## Aim of the exercise
Pictures must not appear in the copy. Restate exactly the lines below from the one with "BEAPHAR KIT DENTAR" through the one with "秋冬新款妈妈鞋真皮中筒靴中跟粗跟女靴大码41-43中靴子棉皮鞋女", inclusive.

Start of Material supplied

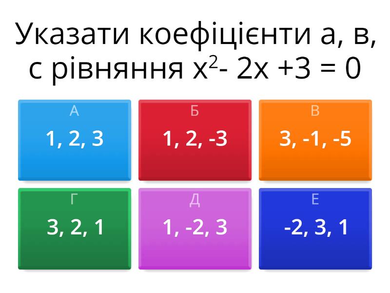 1) Указати коефіцієнти а, в, с рівняння х2- 2х +3 = 0 a) 1, 2, 3 b) 1, 2, -3 c) 3, -1, -5 d) 3, 2, 1 e) 1, -2, 3 f) -2, 3, 1 2) Указати коефіцієнти а, в, с рівняння 3х2-х -5 = 0 a) 1, 2, 3 b) -1, 3, -5 c) 3, -1, -5 d) 5, 1, 3 e) 1, -2, 3 f) -5, -1, 3 3) Розвяжіть рівняння х2 - 16 =0 a) 16 b) 2 , -2 c) -4 d) -4, 4 e) 4 f) 8, -8 4) Розвяжіть рівняння 25 - х2 =0 a) -25 b) 5 c) -5, 5 d) -5 e) немає коренів f) 25 5) Знайдіть корені рівняння х2 -5х =0 a) 0 b) 0, 5 c) 5 d) 25 e) 0, -5 f) немає коренів 6) Знайдіть корені рівняння 3х + х2 =0 a) -3 b) -9 c) 0 d) -3, 0 e) 3, 0 f) -9, 0 7) Визначте визначник рівняння 5х2 -7х +2=0 a) 11 b) 59 c) 29 d) 9 e) 39 f) 19 8) Визначте дискримінант рівняння 6х2+ 9х + 10= 0 a) 321 b) -321 c) -159 d) 159 e) 21 f) -21 9) Скільки коренів має рівняння 5х2 -7х +2=0 a) два b) жодного c) безліч d) інша відповідь e) один f) не знаю 10) Скільки коренів має рівняння 6х2+ 9х + 10= 0 a) два b) жодного c) безліч d) інша відповідь e) один f) не знаю 11) Коренями рівняння -х2-х+6 =0 є a) 3 і -2 b) 3 і 2 c) -3 і 2 d) 0 e) -3 і -2 f) інша відповідь 12) Коренями рівняння 2х2+ 6х -8 =0 a) -1 і 4 b) -1 і -4 c) 1 і -4 d) 1 і 4 e) 0 f) інша відповідь
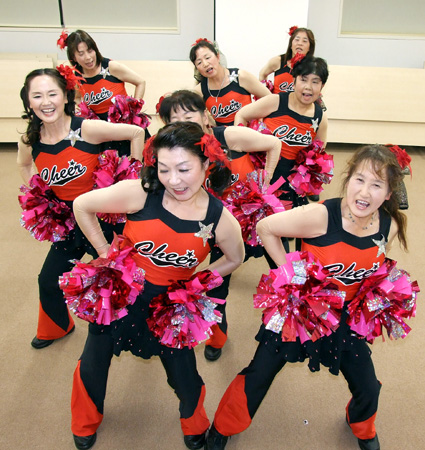 ピンクをさし色としたミニスカートのユニフォームを颯爽(さっそう)と着こなすのは、五十二~六十四歳の女性十五人。テレビ番組で中高年の女性が輝く笑顔を振りまきながらチアとして踊っている姿を見た大前セツ子さんが「これをやりたい」と、竜王町公民館でリズム体操の講師をしていた国本正子さんに声を掛けたのがきっかけだという。
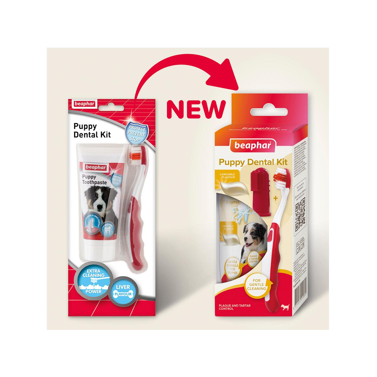 BEAPHAR KIT DENTAR PASTĂ+PERIUȚĂ PENTRU CĂȚELUȘI 50G
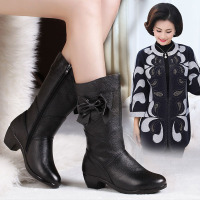 秋冬新款妈妈鞋真皮中筒靴中跟粗跟女靴大码41-43中靴子棉皮鞋女
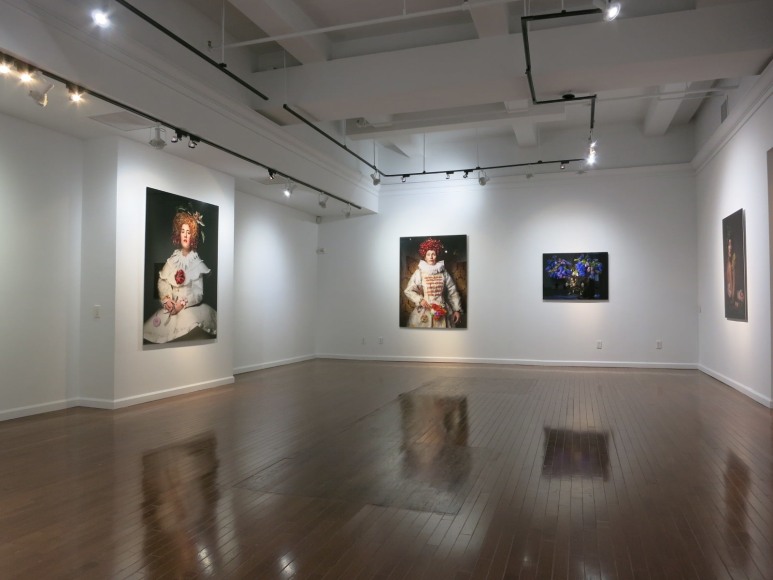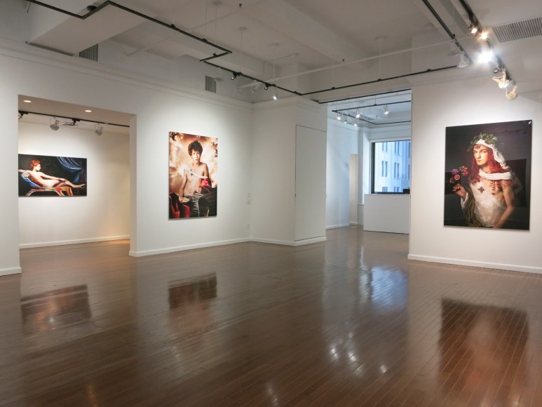 Fischnaller's larger-than-life photographs reference classical paintings of Vermeer and Caravaggio without losing sight of the vibrant present. The tradition of portraiture and its essential requirement of posing and staging are the central subjects of Fischnaller's works: his models appear as classical nobleman and commissioners, and pose as stand-ins for their own art-historical influences. His background in high-end fashion photography comes through in the compositions, evoking the same sense of intense construction, visionary planning and seductive theatricality. The scenes are dignified but embellished with surprising props of edibles and gaudy ornaments. They rely on the fascinating mutuality of modern absurdity andthe ubiquity of art historical cues. Riddle-like in their construction, the saturation of color, pattern and arrangements it provides humor in its surprises as much as it does in its discomforts. The elements of the picture fit together as seamlessly and vibrantly as an eclectic rococo interior, but their true success lies in their irresistible demand for further inspection within their blinding excessiveness. Lace, gold and diamonds are convincingly substituted for candy wrappers, Rubix Cubes and ashtrays.
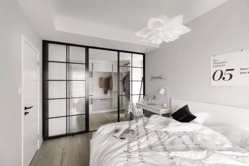 淺灰色墻面搭配白色時(shí)尚輕柔的床品,分分鐘讓人沉浸在睡夢中,無法自拔。黑色玻璃推拉門內(nèi)隱藏著一間衣帽間。
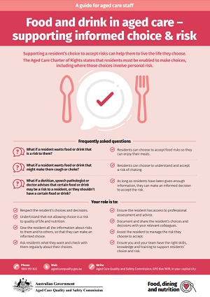 This resource provides guidance for aged care staff on supporting older people's informed choices regarding food and drink, even when those choices involve personal risks. It encourages staff to respect resident autonomy, provide information on risks, document decisions, and ensure access to professional advice, promoting dignity and quality of life in care settings. This resource may refer to information that will be updated from 1 November 2025 to align with the new Aged Care Act and Quality Standards.
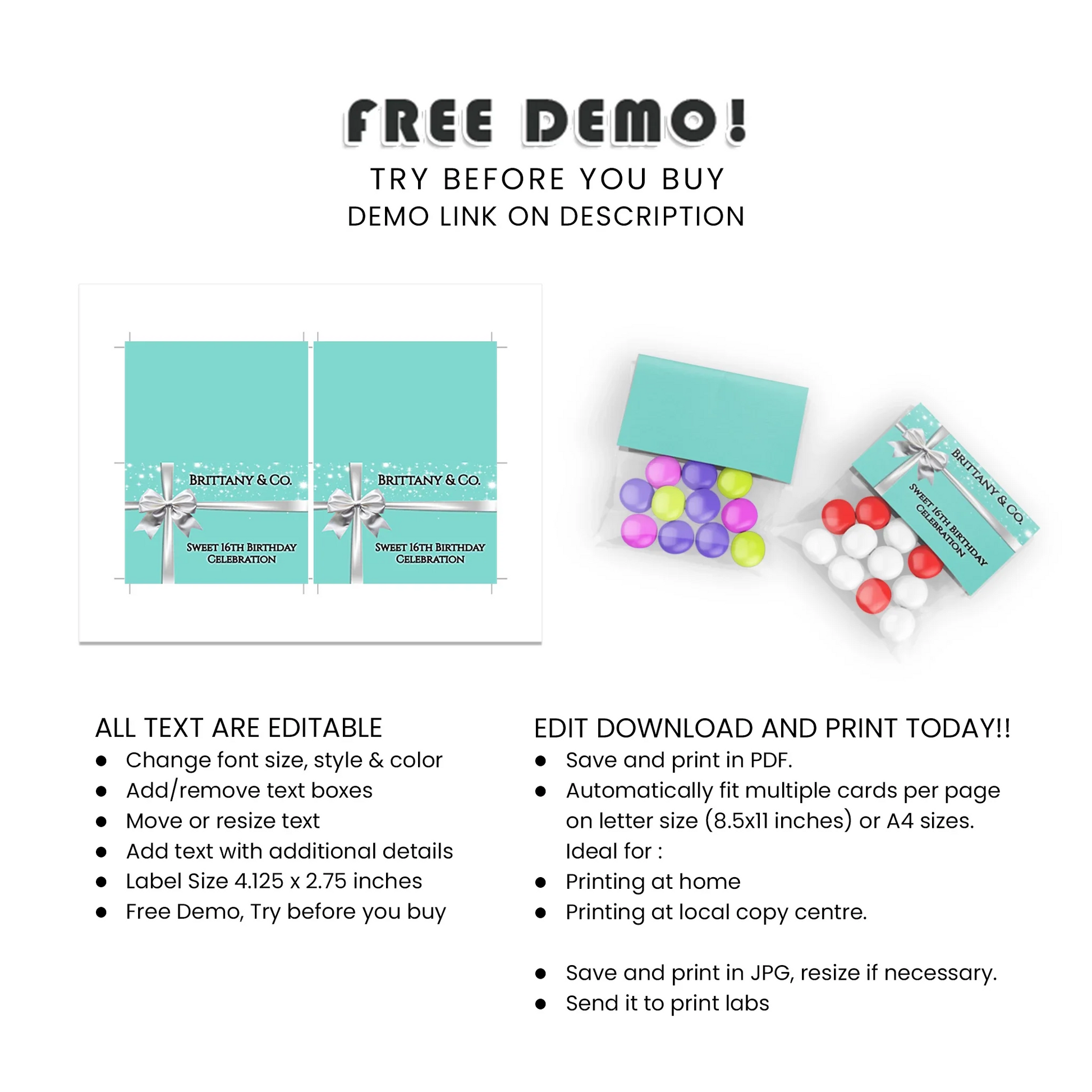 Tiffany & CO Inspired Personalized Treat Bag Topper Label Custom DIY
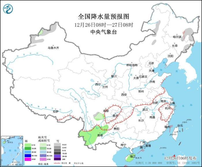 12月26日08時(shí)至27日08時(shí),內(nèi)蒙古東北部、黑龍江東部、吉林東部、新疆北部、四川南部等地部分地區(qū)有小到中雪或雨夾雪。四川南部、云南中西部、海南島大部等地部分地區(qū)有小雨。黑龍江東南部部分地區(qū)有4~5級(jí)風(fēng)(見圖1)。
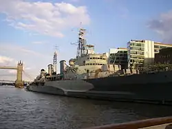 Following a task of rowing on the River Thames, teams traveled along the river to finish the leg on HMS Belfast.
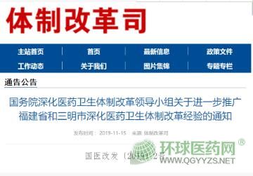11月15日,國家衛(wèi)健委體制改革司發(fā)布《國務(wù)院深化醫(yī)藥衛(wèi)生體制改革領(lǐng)導(dǎo)小組關(guān)于進(jìn)一步推廣福建省和三明市深化醫(yī)藥衛(wèi)生體制改革經(jīng)驗(yàn)的通知》。文件提到2020年,按照國家統(tǒng)一部署,擴(kuò)大國家組織集中采購和使用藥品品種范圍。
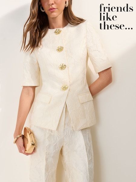 Friends Like These Cream Premium Floral Jacquard Blazer
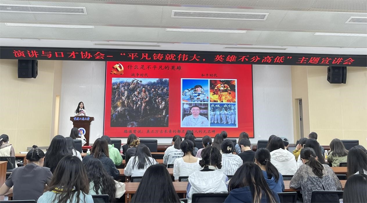平凡铸就伟大,英雄来自人民!在此次宣讲大会中,来自演讲与口才协会的优秀宣讲员们声情并茂地讲述了一个个感人肺腑的平民英雄故事。无论是生如夏花,从容赴死的刘福兰,还是做本职工作,扬匠人精神的张秉贵,抑或是清澈的爱,只为中国的陈祥榕,无不让观众产生高度共鸣。为此,王婷老师也总结到:生活的常态是平凡,但平凡也蕴含着伟大的力量,每位师生要有一双善于发现平凡中蕴含伟大力量的眼睛。
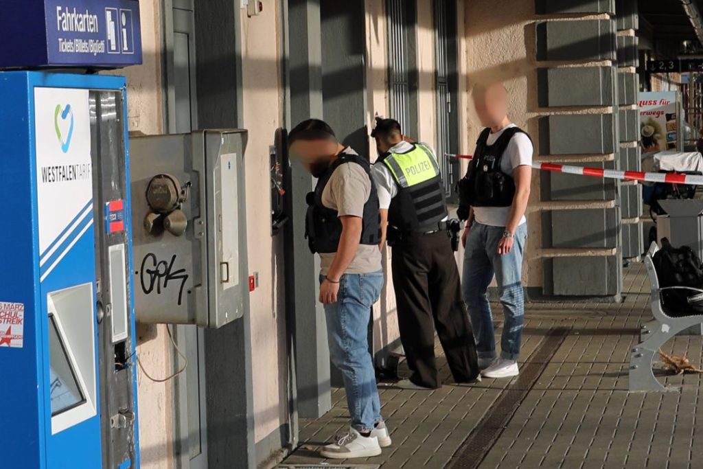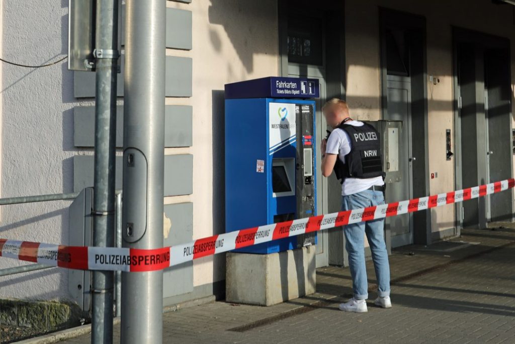 Dabei wurde unter anderem ein Fahrkartenautomat am Bahnhof aufgebrochen. An dem blau verkleideten Automaten, der normalerweise für den Kauf von Tickets im Westfalentarif genutzt wird, wurde die Front im Bereich der Bezahltechnik gewaltsam geöffnet. Dort befinden sich üblicherweise unter anderem der Kartenleser, der Münzeinwurf sowie die Technik für die Bargeldannahme. Teile der Metallverkleidung wurden herausgerissen, sodass das Innenleben des Automaten teilweise freilag.

End of Material supplied

## Finished exercise
 BEAPHAR KIT DENTAR PASTĂ+PERIUȚĂ PENTRU CĂȚELUȘI 50G
 秋冬新款妈妈鞋真皮中筒靴中跟粗跟女靴大码41-43中靴子棉皮鞋女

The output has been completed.